_Try it_:
Before copying, set aside the pictures; then restate exactly the lines from the one with "Deportistas japoneses posando" through the last line of the records.

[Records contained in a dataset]
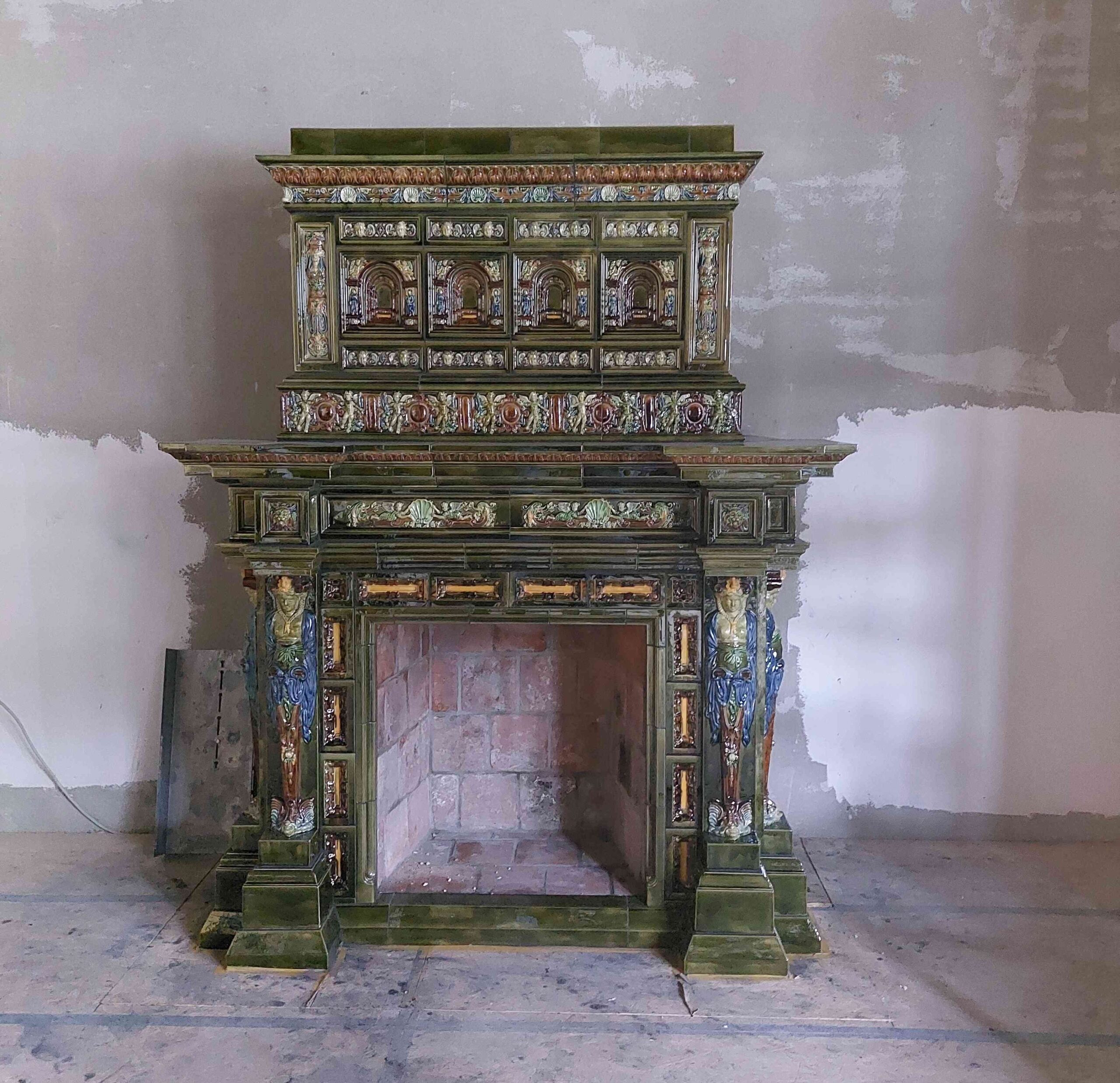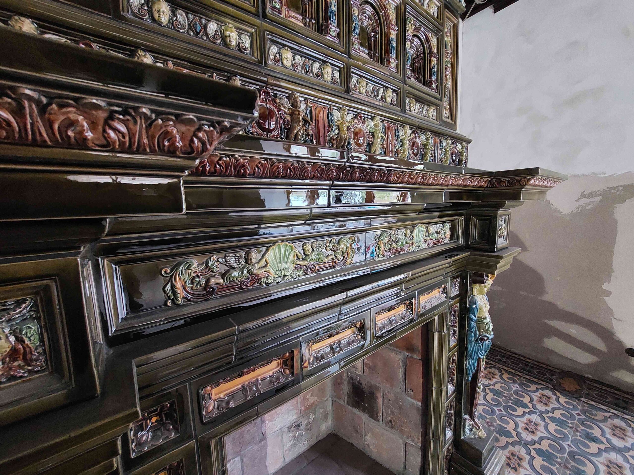 Wiederhergestellter Kachelkamin im Schloss Altenstein,
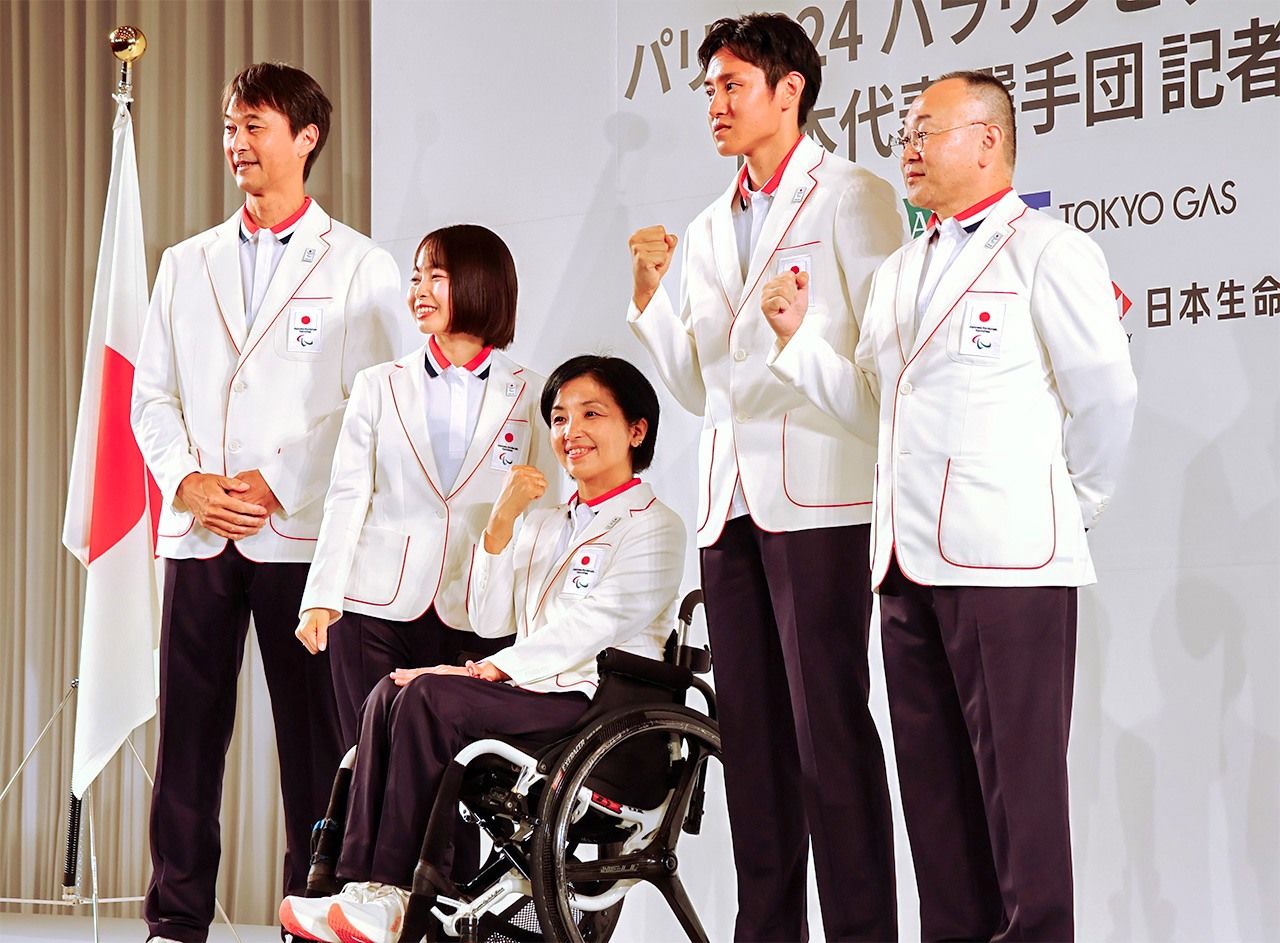 Deportistas japoneses posando en la ceremonia de la delegación paralímpica de París. De izquierda a derecha: el vicepresidente de la delegación Nakazawa Yoshihiro, la nadadora Nishida An, la presidenta de la delegación Taguchi Aki, el atleta Ishiyama Daiki y el vicepresidente de la delegación Ida Tomohiro. (Fotografía: Matsumoto Sōichi)
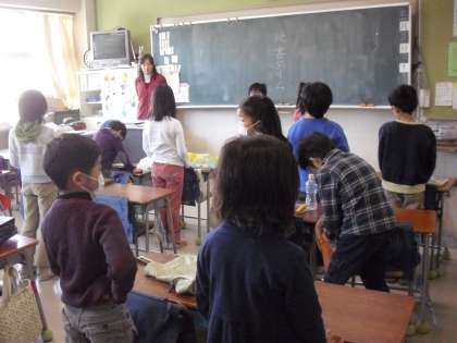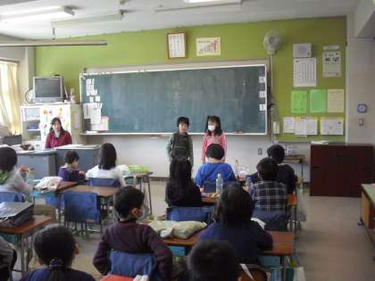 “朝の会”・・日直の話です。“昨日、遊んだことを話していました。”
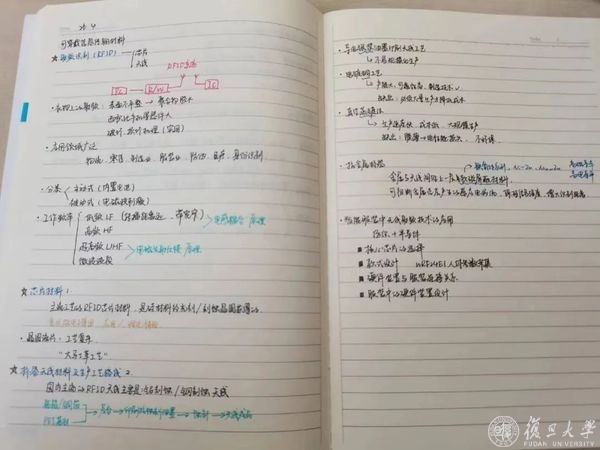 B:与大多数自律的同学们不太一样,网课笔记对我来说更多源于一种习惯。我在日常生活中就喜欢拿笔记一些零零散散的东西,这种习惯放到课堂上,比较好的一点是,老师讲到某一点,我会联想到过往知识点,所以我除了记录课堂笔记外也会把联想到的知识点一并写下。翻开我的笔记,你会发现,重要的公式、思维导图、感悟随笔到处都是,可以说是“不太像笔记的笔记”。这种习惯也会使我在课后把一些逻辑性很强的课程,通过整理零散内容的方式来进行自我梳理,比如英语、智能可穿戴材料、模拟与数字电子线路等课程。
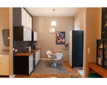 Die kernsanierte Einheit vereint den unverwechselbaren Charme des Berliner Altbaus mit modernem Wohnkomfort. Hohe Decken, restaurierte Gründerzeit-Türen und edles Eichen-Fischgrätparkett verleihen den Räumen eine stilvolle Atmosphäre.
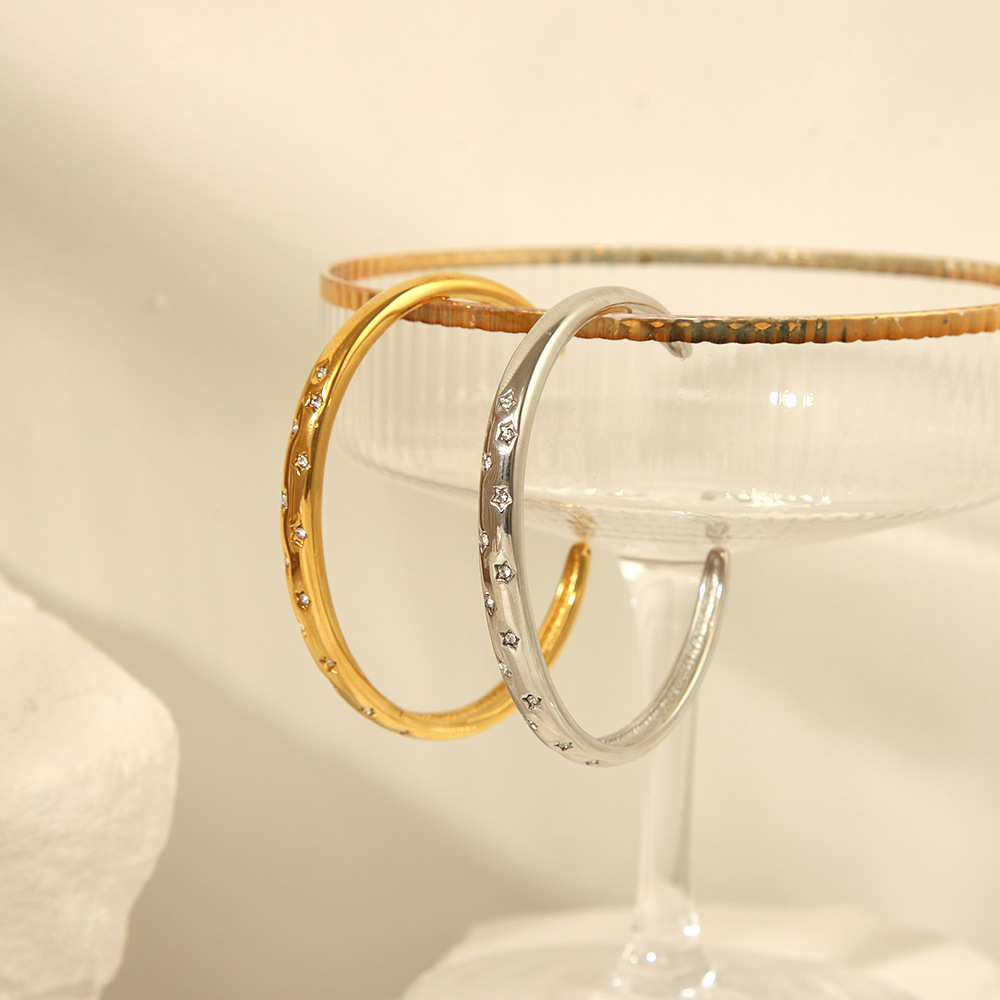 Venta caliente pulsera abierta todo-fósforo joyería 18K galvanoplastia Fundición de acero de titanio de la vendimia estrellada circón ocho Awn estrella transfronteriza

_Result below_:
 Deportistas japoneses posando en la ceremonia de la delegación paralímpica de París. De izquierda a derecha: el vicepresidente de la delegación Nakazawa Yoshihiro, la nadadora Nishida An, la presidenta de la delegación Taguchi Aki, el atleta Ishiyama Daiki y el vicepresidente de la delegación Ida Tomohiro. (Fotografía: Matsumoto Sōichi)
 “朝の会”・・日直の話です。“昨日、遊んだことを話していました。”
 B:与大多数自律的同学们不太一样,网课笔记对我来说更多源于一种习惯。我在日常生活中就喜欢拿笔记一些零零散散的东西,这种习惯放到课堂上,比较好的一点是,老师讲到某一点,我会联想到过往知识点,所以我除了记录课堂笔记外也会把联想到的知识点一并写下。翻开我的笔记,你会发现,重要的公式、思维导图、感悟随笔到处都是,可以说是“不太像笔记的笔记”。这种习惯也会使我在课后把一些逻辑性很强的课程,通过整理零散内容的方式来进行自我梳理,比如英语、智能可穿戴材料、模拟与数字电子线路等课程。
 Die kernsanierte Einheit vereint den unverwechselbaren Charme des Berliner Altbaus mit modernem Wohnkomfort. Hohe Decken, restaurierte Gründerzeit-Türen und edles Eichen-Fischgrätparkett verleihen den Räumen eine stilvolle Atmosphäre.
 Venta caliente pulsera abierta todo-fósforo joyería 18K galvanoplastia Fundición de acero de titanio de la vendimia estrellada circón ocho Awn estrella transfronteriza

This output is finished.